MIDI Keyboard With Frickin’ Laser Keys

laser keyboard

MIDI instruments are cool, but they’re not laser cool. That is, unless you’ve added lasers to your MIDI instrument like [Lasse].

[Lasse] started out with an old MIDI keyboard. The plan was to recycle an older keyboard rather than have to purchase something new. In this case, the team used an ESi Keycontrol 49. They keyboard was torn apart to get to the creamy center circuit boards. [Lasse] says that most MIDI keyboards come withe a MIDI controller board and the actual key control board.

Once the key controller board was identified, [Lasse] needed to figure out how to actually trigger the keys without the physical keyboard in place. He did this by shorting out different pads while the keyboard was hooked up to the computer. If he hit the correct pads, a note would play.
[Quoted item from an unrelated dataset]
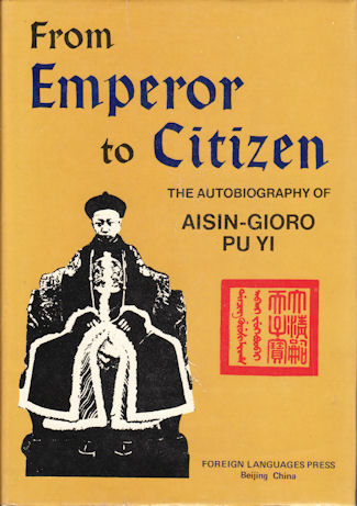 Puyi 溥儀 (7 February 1906 – 17 October 1967) was the last emperor of China, where he reigned as the child Xuantong Emperor from 1908 to 1912 and for eleven days in 1917. Later, he was set up by the Japanese as their puppet ruler in his ancestral homeland of Manchukuo, of which he was Chief Executive 1932-4 and “Kangde Emperor” 1934-45. Captured, imprisoned and rehabilitated, he finally returned to live in communist Peking as a private citizen and wrote an autobiography, Wode Qian Bansheng 我的前半生, translated as From Emperor to Citizen (both Peking, 1964), with government endorsement and the help of an editor, Li Wenda, as ghostwriter.

Simple, but effective.

The housing for the project is made out of wood. Holes were drilled in one piece to mount 12 laser diodes. That number is not arbitrary. Those familiar with music theory will know that there are 12 notes in an octave. The lasers were powered via the 5V source from USB. The lasers were then aimed at another piece of wood.

Holes were drilled in this second piece wherever the lasers hit. Simple photo resistors were mounted here. The only other components needed for each laser sensor were a resistor and a transistor. This simple discreet circuit is enough to simulate a key press when the laser beam is broken. No programming or microcontrollers required. Check out the demonstration video below to see how it works.


10 thoughts on “MIDI Keyboard With Frickin’ Laser Keys

    1. well they are real laser harp : the midi pitch is modify based on where the hand touch the laser . I saw one who does that with a wii remote IR sensor and it detected the position of the hand that touch the laser ( because the player use a white glove as Jmichel Jarre did) and so it detects the exact position of the bright area.

  1. Cool project. I have a thought that’s a little off point. I want to use ableton or any VST capable audio engineering software to create audio encryption so I can use encrypted audio in the radio spectrum. Mathematically the sounds produced by VST are very nonlinear (exploid rapidly) and could make for good encryption. So [data][VST]radio[inverse_VST][data]

    What do you think?

  2. Ive seen a rather similar project before, though it had a less nice housing and i think less keys. See link below.
    As i also stated there, you might want to go for NLCs instead of photo resistors, since a photo resistor has a decay of 30-40ms and a NLC has a rise of 5ms. There may be some disadvantage to it as well; i dont know for sure.


    Anyway im a bit disappointed in this project in the sense that such projects already exist in the HaD database and the project is incredibly simple without any actual hacks or tricks.